Collection entries

#####

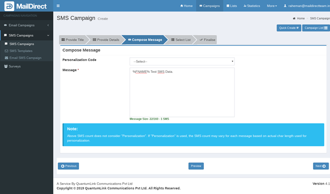 - Mail Direct displays the SMS Campaign Wizard Preview screen.
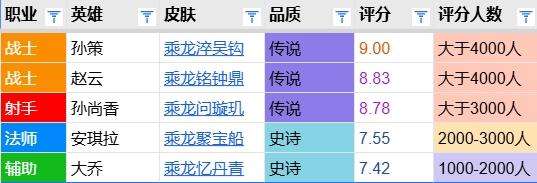 考虑到孙策的传说皮均分很高,在优秀前作对比压力、抽奖获取价格较高的双重不利因素下,时之奇旅仍可迈过七分门槛,应该说本身品质还是过硬的。
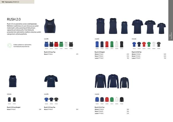 COLORS 346000390000430000651000900000999000 COLORS 346000390000430000651000900000999000 COLORS 346000390000430000651000900000999000 Rush 2.0 Singlet 22 € 22 € 18 € Miehet 1914661 Lapset 1914663 Naiset 1914662 Rush 2.0 LS Tee 28 € 28 € 22 € Miehet 1914658 Lapset 1914660 Naiset 1914659 Rush 2.0 SS Tee 22 € 22 € 18 € Miehet 1914655 Lapset 1914657 Naiset 1914656 T & F Gymnastics
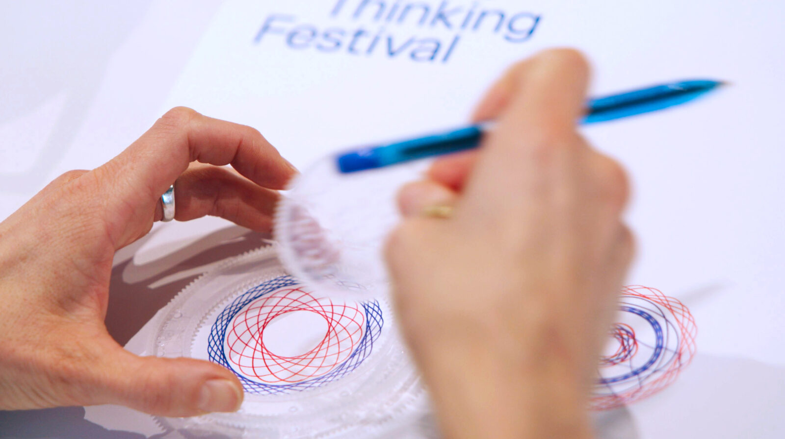 The striking red and blue colour palette reflects the familiar Biro-pen combination traditionally used to create spirographs.
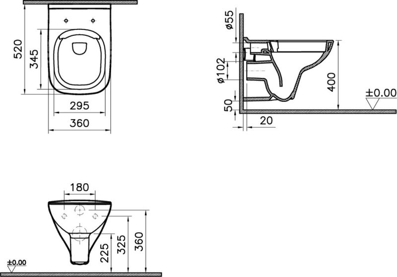 Комплект VitrA S20 9004B003-7207 Унитаз подвесной безободковый, с микролифтом + Система инсталляция + Кнопка смыва

#####

▸ ABOUT THIS EXERCISE
Drop the images, then copy the data exactly.

▸ RESPONSE AREA
 - Mail Direct displays the SMS Campaign Wizard Preview screen.
 考虑到孙策的传说皮均分很高,在优秀前作对比压力、抽奖获取价格较高的双重不利因素下,时之奇旅仍可迈过七分门槛,应该说本身品质还是过硬的。
 COLORS 346000390000430000651000900000999000 COLORS 346000390000430000651000900000999000 COLORS 346000390000430000651000900000999000 Rush 2.0 Singlet 22 € 22 € 18 € Miehet 1914661 Lapset 1914663 Naiset 1914662 Rush 2.0 LS Tee 28 € 28 € 22 € Miehet 1914658 Lapset 1914660 Naiset 1914659 Rush 2.0 SS Tee 22 € 22 € 18 € Miehet 1914655 Lapset 1914657 Naiset 1914656 T & F Gymnastics
 The striking red and blue colour palette reflects the familiar Biro-pen combination traditionally used to create spirographs.
 Комплект VitrA S20 9004B003-7207 Унитаз подвесной безободковый, с микролифтом + Система инсталляция + Кнопка смыва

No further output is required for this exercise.